"Edited to Add"....

This started as a pregnancy blog when I fell pregnant in May 2009 after four years of finding a donor, doing all the counselling / paperwork / tests and trying.

And now, thanks to a 4WD which skidded onto our side of the road, killing our baby daughter at 34w and injuring me, my partner and two of my stepdaughters on 27 December 2009, it has turned into something else. We didn't want this something else, but apparently it is all we've got to go on with.

Monday, August 29, 2011

Back in the game

Apologies for blog silence - I'm here, but just not feeling terribly verbal.

I think this photo kind of sums up the mood - whimsical old (slightly rusty) grater with a wonky handle and a goofy grin in the sunshine through the kitchen window. 

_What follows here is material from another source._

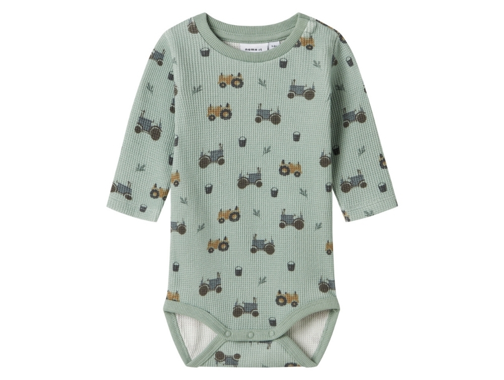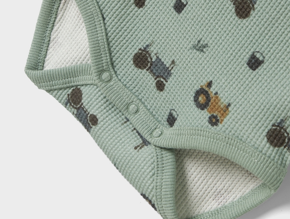 Body i støvet grøn nuance fra Name It med sjovt traktorprint. Fremstillet i blød vaffelstrik med en let struktur, der føles behagelig mod babyens hud og giver et flot udtryk.

"Why yes, my handle might fall off at any moment, and yet small things, such as the smile-like turn of my cheese-slicer, still lighten my heart".  I'm a bit scared to jinx it by writing too much about it, though it's still punctuated with little bits of grief.  Yesterday I found El Prima's goodbye card from her work, with everyone's good wishes about our 'bundle of joy' etc.  I had a cry in the aluminium shed, then stepped out into the sun, cuddled the dogs for a bit under the plum tree,  and started preparing our tomato patch for this spring / summer.

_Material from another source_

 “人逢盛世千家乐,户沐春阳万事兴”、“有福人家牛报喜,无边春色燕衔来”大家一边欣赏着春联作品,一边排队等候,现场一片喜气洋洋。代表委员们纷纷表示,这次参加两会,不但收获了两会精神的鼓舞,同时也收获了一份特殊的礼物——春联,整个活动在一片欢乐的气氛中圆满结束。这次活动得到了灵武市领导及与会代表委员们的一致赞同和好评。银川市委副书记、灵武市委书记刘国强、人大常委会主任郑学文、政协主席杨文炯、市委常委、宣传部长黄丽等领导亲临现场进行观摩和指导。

In other news, we had our embryo transfer today.  One lovely looking blastocyst was welcomed into the hopefully friendly environment of my uterus.  Make yourself at home, sweetcheeks. 

This is our first go with a 5 day transfer (the others have all been 2 day embryos) so who knows whether that will make any difference.  Our doctor explained to us that he was very pleased that 11 of the 13 eggs fertilised (yay, go wonder eggs!) but disappointed that of the 9 that kept growing, only one made it to blastocyst stage by day 5 (alas, poor embryos, I'm sure you're trying your best.  Aren't you?).  We'll find out tomorrow whether any of the others developed enough to be frozen.  I suggested to our doctor that maybe the others were just 'late developers' - indeed my grandad hadn't grown to his adult height until he was 19, so there's probably a family tendency there.  That and procrastination, either of which are quite valid explanations, if not very scientific.  Meanwhile, we've transferred the little blastocyst that could. 

So, we're back in the slightly less than 2 week wait, and I'm back to humming my favourite little "who knows who knows" song.  Blood test 9 Sept.  And hope?  Don't mind if I do!  I think I'm just going to go ahead and hope this time, as there's no point pretending this doesn't matter to me.  Fingers crossed.